In a wireless communication networks, there are communication nodes, for example base stations, where base station products are provided by different suppliers. Today there is typically one base station product per frequency band. In the future the number of frequency bands is expected to grow rapidly, which would require a lot of different base station products supported by each supplier. Each base station product is expensive to develop and to service, which will make it very costly to have a plurality of different base station products.
One way for reducing the number of base station products is to design multiband base stations, which means that one base station product could be used for many different frequency bands. One essential part of a multiband base station is multiband filters, which is used to filter the signals before they are transmitted/received. However, multiband filters can only be designed for relatively low signal power levels, which makes it difficult to use them for transmission in macro and micro base stations.

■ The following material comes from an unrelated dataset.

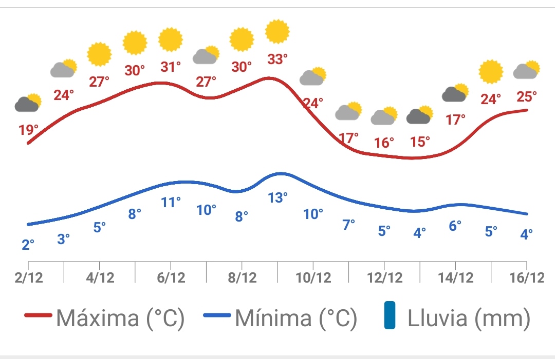 A partir del domingo 5 y hasta el jueves 9 de diciembre podría darse esta ola de calor que anuncian varios pronósticos climatológicos. Si bien algún sitio adelanta que durante esos días las temperaturas máximas podrían acercarse a los 29°, otros indican que esto podría ser aún más caluroso hasta llegar a superar los 30°.
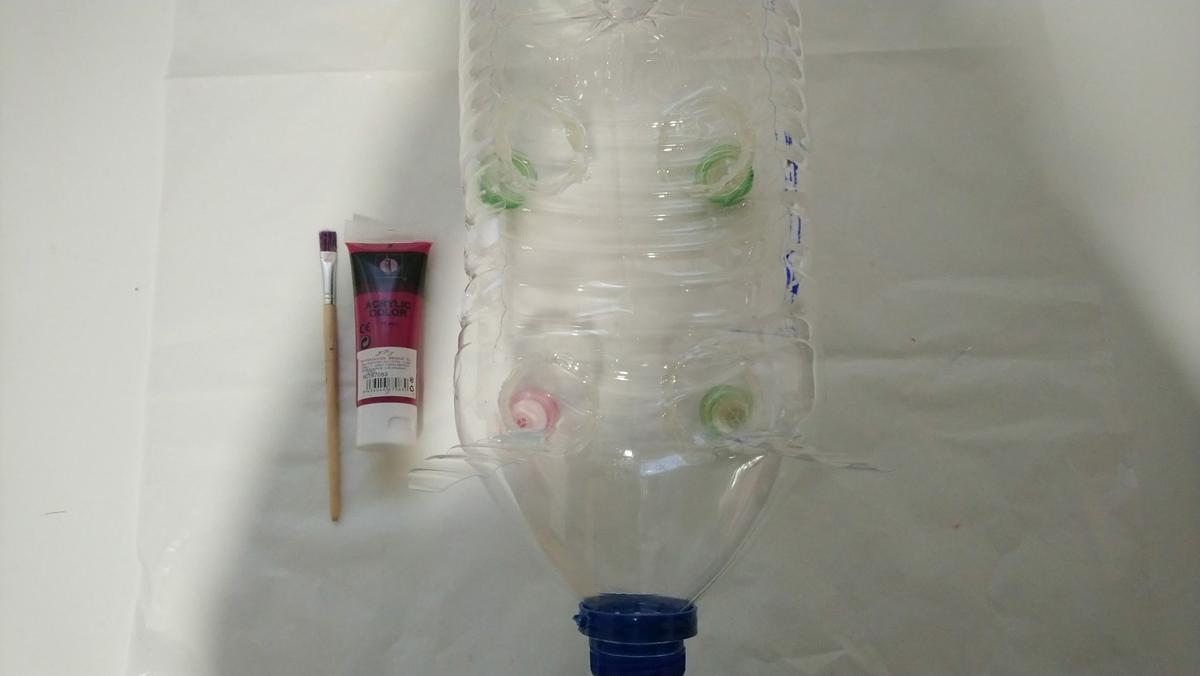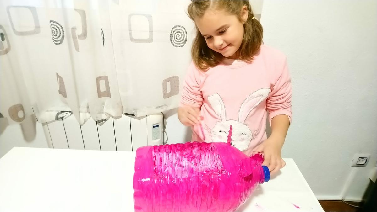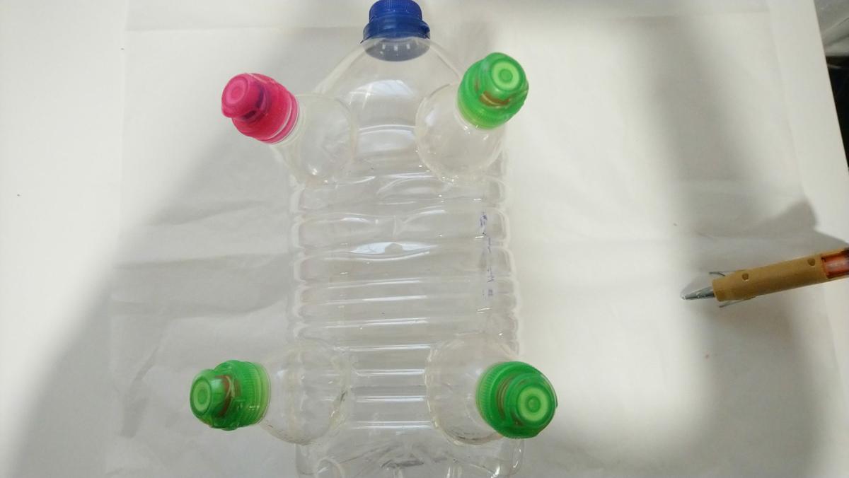 Después, con la silicona caliente, hemos pegado las mitades de botellitas en la botella grande, que son las patitas de nuestro cerdito:

In base stations, there is usually one filter per transmitter radio arrangement, where a transmitter radio arrangement comprises one or more power amplifiers. By increasing the number of transmitter radios arrangements, it is possible to reduce the output power per radio and hence the power going through the corresponding filters. With large enough number of transmitter radio arrangements, it is then possible to reduce the power per filter such that multiband filters are enabled. However, such an arrangement would be rather costly due to the larger number of transmitter radio arrangements.
There is thus a need for a multi-band communication node where the number of transmitter radio arrangements is not increased compared to a single-band communication node.